Down to the last line, restate the records word for word, but not the pictures.

+ + +

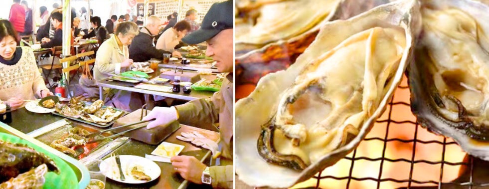 ▶︎三陸直送の新鮮な焼き牡蠣は格別!!
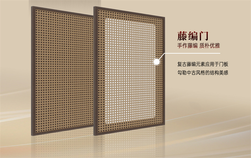 吊柜采用手作藤編柜門,質(zhì)樸優(yōu)雅,勾勒中古風(fēng)格的結(jié)構(gòu)美感,搭配骨骼門島臺(tái),讓空間更有質(zhì)感和格調(diào)。清秋胡桃與藤編元素彼此呼應(yīng),將中古風(fēng)的懷舊與精致展現(xiàn)得恰到好處。
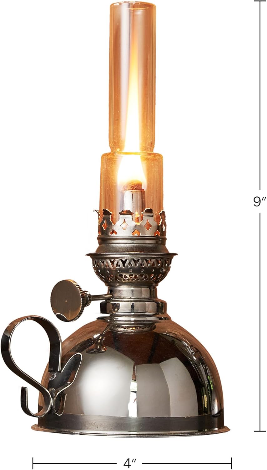 PRODUCT DETAILS – Supplies: Nickel and Glass. Dimensions: (L) 4” x (W) 4” x (H) 9”. Word, Lamp Oil/Kerosene is Not Included with the Lamp and Should be Bought Individually. Coloration: Polished Nickel.
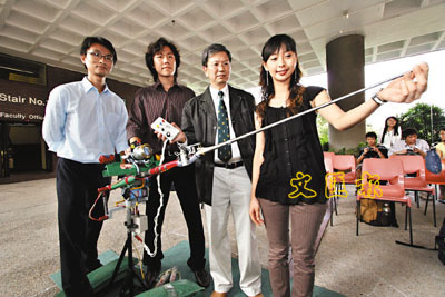 美國機械工程師學會,每年都會舉辦國際學生設計競賽,目的是給大學機械工程系的學生發揮工程設計才能,今年大會的題目是為傷殘人士設計自動釣魚工具。 香港代表要參加下月在芝加哥舉行的總決賽,先要在亞太區分組賽打敗來自日本、澳洲、新西蘭、印度、台灣、歐洲、南非、南美洲以及中東國家等十多個國家或地區的參賽隊伍,結果由理大機械工程系學生梁志鵬、古中威、楊煒瑩組成的港隊取得出線權。
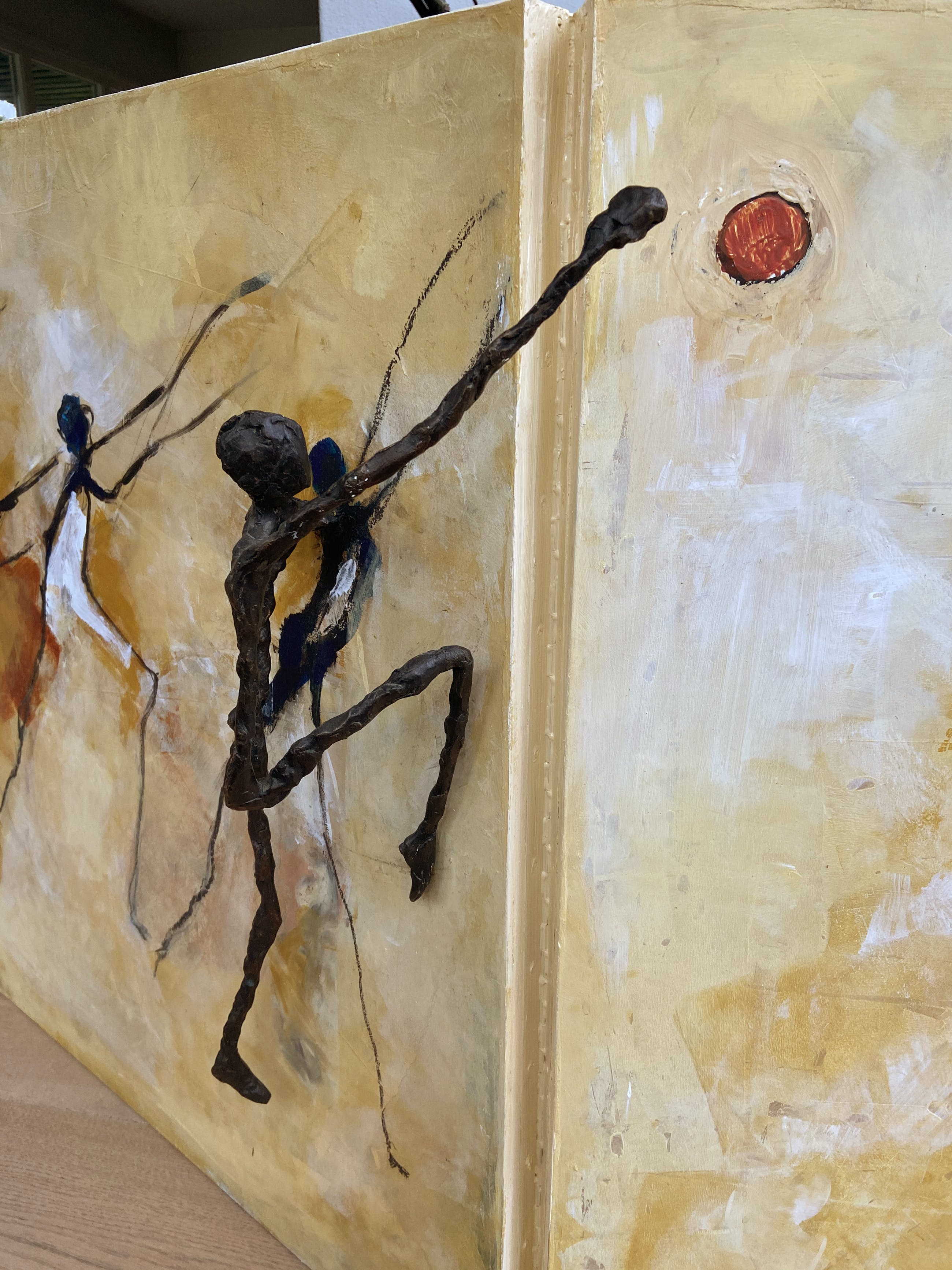 Een scharnierend tweeluik. In het acryl schilderij is een bronnenfiguur verwerkt. Hij probeert bij het "geluk" te komen maar alleen als het schilderij plat tegen de muur hangt, is dat mogelijk. Als je het schilderij met een hoek ophangt ( door middel van het haakje) kan hij er niet bij. Het schilderij kan ook in 90 graden hangen. bv om een muurhoek heen. Dan hangt het dus op 2 muren. Dubbel paneel met schanier. De maat is 100x45 (2panelen) en de hoogte is 74 cm Het is in het totaal vrij zwaar door het brons en de panelen. Bewijs van echtheid wordt erbij geleverd Af te halen in mijn atelier.

+ + +

● **Answer section**:
 ▶︎三陸直送の新鮮な焼き牡蠣は格別!!
 吊柜采用手作藤編柜門,質(zhì)樸優(yōu)雅,勾勒中古風(fēng)格的結(jié)構(gòu)美感,搭配骨骼門島臺(tái),讓空間更有質(zhì)感和格調(diào)。清秋胡桃與藤編元素彼此呼應(yīng),將中古風(fēng)的懷舊與精致展現(xiàn)得恰到好處。
 PRODUCT DETAILS – Supplies: Nickel and Glass. Dimensions: (L) 4” x (W) 4” x (H) 9”. Word, Lamp Oil/Kerosene is Not Included with the Lamp and Should be Bought Individually. Coloration: Polished Nickel.
 美國機械工程師學會,每年都會舉辦國際學生設計競賽,目的是給大學機械工程系的學生發揮工程設計才能,今年大會的題目是為傷殘人士設計自動釣魚工具。 香港代表要參加下月在芝加哥舉行的總決賽,先要在亞太區分組賽打敗來自日本、澳洲、新西蘭、印度、台灣、歐洲、南非、南美洲以及中東國家等十多個國家或地區的參賽隊伍,結果由理大機械工程系學生梁志鵬、古中威、楊煒瑩組成的港隊取得出線權。
 Een scharnierend tweeluik. In het acryl schilderij is een bronnenfiguur verwerkt. Hij probeert bij het "geluk" te komen maar alleen als het schilderij plat tegen de muur hangt, is dat mogelijk. Als je het schilderij met een hoek ophangt ( door middel van het haakje) kan hij er niet bij. Het schilderij kan ook in 90 graden hangen. bv om een muurhoek heen. Dan hangt het dus op 2 muren. Dubbel paneel met schanier. De maat is 100x45 (2panelen) en de hoogte is 74 cm Het is in het totaal vrij zwaar door het brons en de panelen. Bewijs van echtheid wordt erbij geleverd Af te halen in mijn atelier.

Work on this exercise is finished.